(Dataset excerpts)
Content starts

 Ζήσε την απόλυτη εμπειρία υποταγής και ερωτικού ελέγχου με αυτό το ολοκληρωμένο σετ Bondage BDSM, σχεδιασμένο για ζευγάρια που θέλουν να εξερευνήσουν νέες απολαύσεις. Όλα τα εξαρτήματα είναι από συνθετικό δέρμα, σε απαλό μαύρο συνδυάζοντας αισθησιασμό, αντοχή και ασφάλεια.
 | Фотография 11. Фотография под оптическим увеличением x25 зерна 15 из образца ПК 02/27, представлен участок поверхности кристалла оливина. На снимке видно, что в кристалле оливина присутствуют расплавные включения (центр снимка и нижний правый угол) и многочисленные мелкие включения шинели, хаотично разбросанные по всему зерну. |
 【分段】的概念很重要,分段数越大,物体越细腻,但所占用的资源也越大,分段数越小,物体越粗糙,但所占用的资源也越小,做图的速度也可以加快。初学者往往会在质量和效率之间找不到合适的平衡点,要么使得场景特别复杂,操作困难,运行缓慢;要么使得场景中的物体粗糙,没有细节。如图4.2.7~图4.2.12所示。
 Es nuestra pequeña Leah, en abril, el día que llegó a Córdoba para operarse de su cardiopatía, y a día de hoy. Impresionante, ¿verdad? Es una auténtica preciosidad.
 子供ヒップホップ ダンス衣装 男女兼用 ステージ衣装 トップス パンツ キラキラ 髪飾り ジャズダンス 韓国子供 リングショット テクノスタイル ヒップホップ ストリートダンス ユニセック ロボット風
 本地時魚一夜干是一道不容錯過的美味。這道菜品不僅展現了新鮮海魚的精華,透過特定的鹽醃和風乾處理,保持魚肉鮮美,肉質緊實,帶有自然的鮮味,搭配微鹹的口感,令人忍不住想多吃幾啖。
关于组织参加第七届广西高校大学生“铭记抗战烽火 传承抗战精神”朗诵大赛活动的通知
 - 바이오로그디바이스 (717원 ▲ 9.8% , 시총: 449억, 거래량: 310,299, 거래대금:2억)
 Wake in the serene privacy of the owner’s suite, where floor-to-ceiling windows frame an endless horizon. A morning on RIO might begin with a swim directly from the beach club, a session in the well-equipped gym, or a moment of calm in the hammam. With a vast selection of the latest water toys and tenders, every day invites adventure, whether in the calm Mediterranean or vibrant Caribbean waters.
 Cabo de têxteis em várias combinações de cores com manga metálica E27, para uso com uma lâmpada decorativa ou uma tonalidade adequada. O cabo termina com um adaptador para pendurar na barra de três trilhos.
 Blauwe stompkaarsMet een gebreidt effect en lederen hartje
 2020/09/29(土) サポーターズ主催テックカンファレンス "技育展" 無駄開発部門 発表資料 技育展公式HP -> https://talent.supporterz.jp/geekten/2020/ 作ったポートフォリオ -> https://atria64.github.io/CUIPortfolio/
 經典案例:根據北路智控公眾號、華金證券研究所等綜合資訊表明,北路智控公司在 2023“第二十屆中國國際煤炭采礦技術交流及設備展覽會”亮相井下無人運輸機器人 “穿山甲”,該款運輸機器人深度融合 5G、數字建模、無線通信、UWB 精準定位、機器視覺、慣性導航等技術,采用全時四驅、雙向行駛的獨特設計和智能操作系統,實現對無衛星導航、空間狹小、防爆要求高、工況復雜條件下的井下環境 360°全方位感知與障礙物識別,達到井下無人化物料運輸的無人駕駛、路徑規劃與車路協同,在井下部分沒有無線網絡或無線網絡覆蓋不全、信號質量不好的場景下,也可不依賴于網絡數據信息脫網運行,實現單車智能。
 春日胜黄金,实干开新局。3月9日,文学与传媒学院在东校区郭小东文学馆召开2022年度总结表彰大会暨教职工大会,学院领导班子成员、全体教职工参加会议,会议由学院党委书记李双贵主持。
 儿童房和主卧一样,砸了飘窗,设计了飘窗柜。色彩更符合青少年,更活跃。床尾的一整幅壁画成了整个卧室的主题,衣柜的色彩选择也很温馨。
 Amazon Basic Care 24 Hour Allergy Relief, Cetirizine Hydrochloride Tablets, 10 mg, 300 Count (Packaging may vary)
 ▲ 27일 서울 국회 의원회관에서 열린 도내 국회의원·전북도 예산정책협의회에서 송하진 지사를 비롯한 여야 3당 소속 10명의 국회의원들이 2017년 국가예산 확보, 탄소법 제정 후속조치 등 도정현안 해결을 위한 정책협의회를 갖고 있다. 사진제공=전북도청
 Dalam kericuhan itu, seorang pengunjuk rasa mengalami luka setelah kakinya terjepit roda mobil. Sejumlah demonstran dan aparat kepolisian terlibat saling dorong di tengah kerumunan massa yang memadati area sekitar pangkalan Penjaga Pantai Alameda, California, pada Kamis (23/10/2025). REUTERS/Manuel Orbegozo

Content ends

** EXERCISE **
Give back, word for word, only the lines above from the line holding "- 바이오로그디바이스 (717원" to the line holding "儿童房和主卧一样,砸了飘窗,设计了飘窗柜", both included.

** ANSWER BOX **
 - 바이오로그디바이스 (717원 ▲ 9.8% , 시총: 449억, 거래량: 310,299, 거래대금:2억)
 Wake in the serene privacy of the owner’s suite, where floor-to-ceiling windows frame an endless horizon. A morning on RIO might begin with a swim directly from the beach club, a session in the well-equipped gym, or a moment of calm in the hammam. With a vast selection of the latest water toys and tenders, every day invites adventure, whether in the calm Mediterranean or vibrant Caribbean waters.
 Cabo de têxteis em várias combinações de cores com manga metálica E27, para uso com uma lâmpada decorativa ou uma tonalidade adequada. O cabo termina com um adaptador para pendurar na barra de três trilhos.
 Blauwe stompkaarsMet een gebreidt effect en lederen hartje
 2020/09/29(土) サポーターズ主催テックカンファレンス "技育展" 無駄開発部門 発表資料 技育展公式HP -> https://talent.supporterz.jp/geekten/2020/ 作ったポートフォリオ -> https://atria64.github.io/CUIPortfolio/
 經典案例:根據北路智控公眾號、華金證券研究所等綜合資訊表明,北路智控公司在 2023“第二十屆中國國際煤炭采礦技術交流及設備展覽會”亮相井下無人運輸機器人 “穿山甲”,該款運輸機器人深度融合 5G、數字建模、無線通信、UWB 精準定位、機器視覺、慣性導航等技術,采用全時四驅、雙向行駛的獨特設計和智能操作系統,實現對無衛星導航、空間狹小、防爆要求高、工況復雜條件下的井下環境 360°全方位感知與障礙物識別,達到井下無人化物料運輸的無人駕駛、路徑規劃與車路協同,在井下部分沒有無線網絡或無線網絡覆蓋不全、信號質量不好的場景下,也可不依賴于網絡數據信息脫網運行,實現單車智能。
 春日胜黄金,实干开新局。3月9日,文学与传媒学院在东校区郭小东文学馆召开2022年度总结表彰大会暨教职工大会,学院领导班子成员、全体教职工参加会议,会议由学院党委书记李双贵主持。
 儿童房和主卧一样,砸了飘窗,设计了飘窗柜。色彩更符合青少年,更活跃。床尾的一整幅壁画成了整个卧室的主题,衣柜的色彩选择也很温馨。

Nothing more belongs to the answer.